Mobility Stuff 45 min

5/13

BB Complex Warm Up - 10 min

9x3 Deadlifts 135, 185, 225, 245(6)

5x10 Standing BD Mil Press @ 40

3x12 BW Chins

Beer

4 x BB Complex Warm Up

8x3 Front Squats (135, 155, 175 195(6))

3x8 Back Squat @ 195

5x8 Supported Rows @160

Shoulder stuff . . .

Notes:
Went for a long surf on Saturday and needed a couple days off to recover. Feels like I’m a day behind.

Had some good luck holding my stomach brace till I took a couple steps away from the bar. Seems to protect my back some. I think I knew this but had to relearn/remember it. . .

Endurance base is fading out but I’m still pretty comfortable where I am. Not sure its popular in these here parts but I feel a lot better when my resting heart rate floats around 50-55. Will have to do some more maintenance work soon.

5/18

Mobility Stuff 45 min

5/19

BB Complex Warm Up - 10 min

9x3 Deadlifts 135, 185, 225, 275(6)

5x10 Standing DB Mil Press @ 45

3x12 BW Chins

Notes -
Weighed in at a whopping 173 pounds today on the gym scale that’s usually 6-8 pounds heavy. Awesome.

5/21

6 x BB Complex Warm Up

8x3 Front Squats (135, 185, 205(6))

3x8 Back Squat @ 205

5x10 Supported Rows @160

Shoulder stuff . . .

Notes -

I think the 205s were a PR on the front squat . . .but I’ve never really worked them consistently before.
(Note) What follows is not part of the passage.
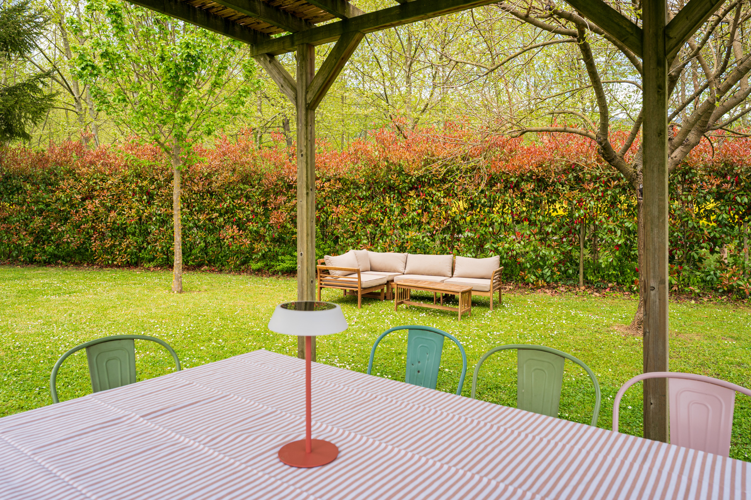 - Porch (Arcs) – Covered lounge area with garden furniture and 6 deckchairs.

Feels like I’m falling into a pretty good workout rhythm. Strength is still going up and my joints haven’ started to complain.

5/25

BB Complex Warm Up - 10 min

10x3 Deadlifts 135, 135, 225, 275, 295(6)
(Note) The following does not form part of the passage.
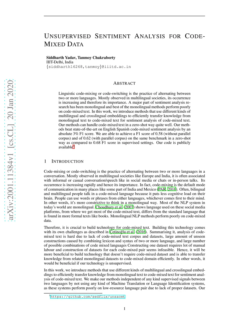 Unsupervised Sentiment Analysis for Code-mixed Data
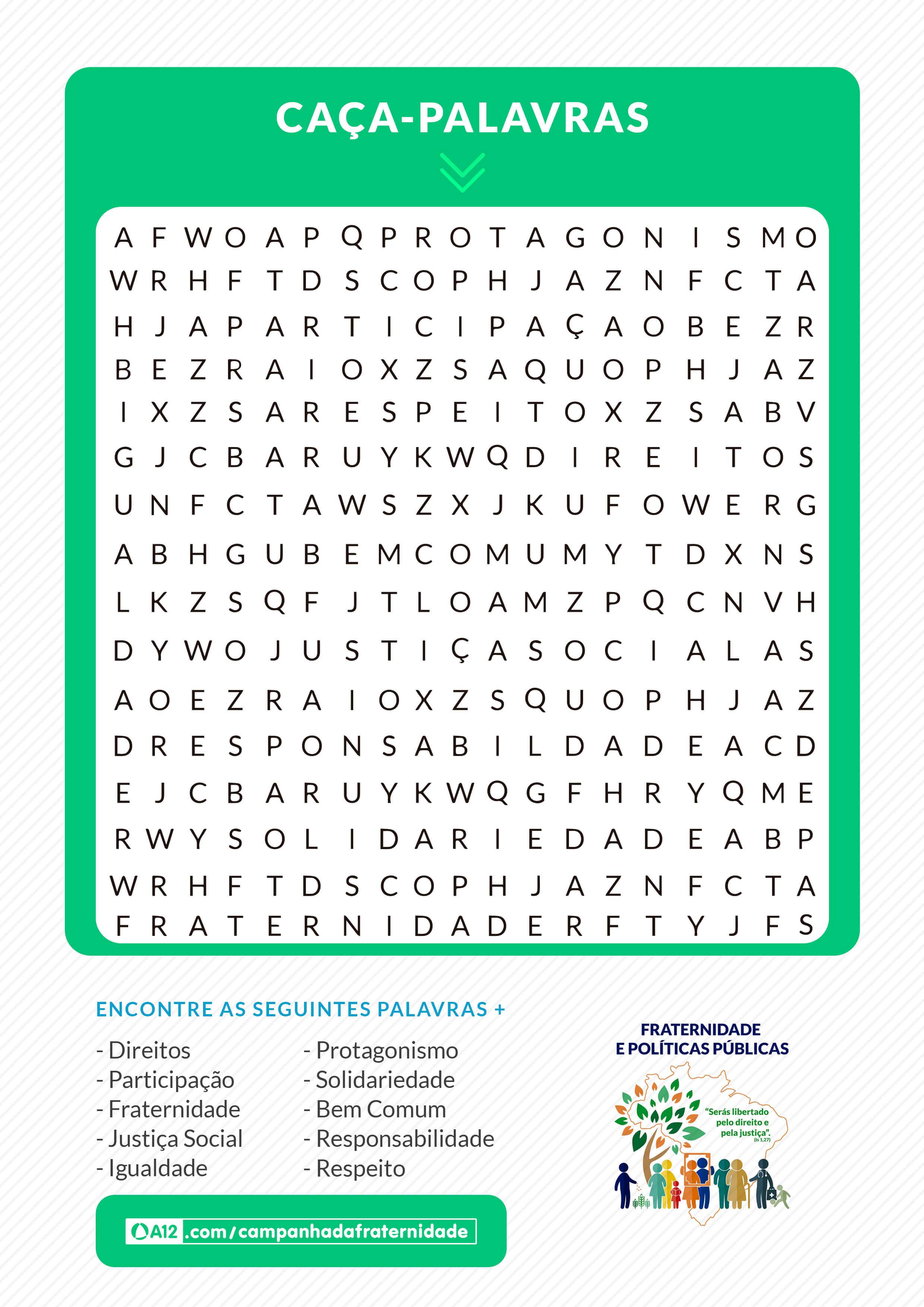 Neste ano, a Campanha da Fraternidade traz o tema “Fraternidade e Políticas Públicas” e o lema “Serás libertado pelo direito e pela justiça” (Is. 1, 27). O tema parece complicado para ser tratado com crianças e adolescentes mas, seguindo algumas das dicas abaixo, as famílias, os catequistas e professores terão uma boa oportunidade para refletir e pensar em ações práticas que motivem a consciência e a responsabilidade com o bem comum.

5x10 Standing DB Mil Press @ 50

Shoulder Stuff

Notes:

For the deads, the bar felt really heavy in my hands but I felt strong through the hamstringgs and glutes, and hardly any pressure on my lower back. That was a good set for me but it just felt . . . weird.

Forgot to do the chins today.

5/25
45 min run

5/26
6 x BB Complex Warm Up

8x3 Front Squats (135, 185, 205, 215(6))

5x10 Supported Rows @160

and out . . . .

Notes:
My mid-afternoon fade turned into a full blown tank. Went to the gym cranky and pissed off for no particular reason. Wasn’t sure if it was a good idea to lift or not. Ended up doing most of what was on the schedule but left before I started snapping at the harmless idiots who populate the gym. Thankfully the mood broke on the way home.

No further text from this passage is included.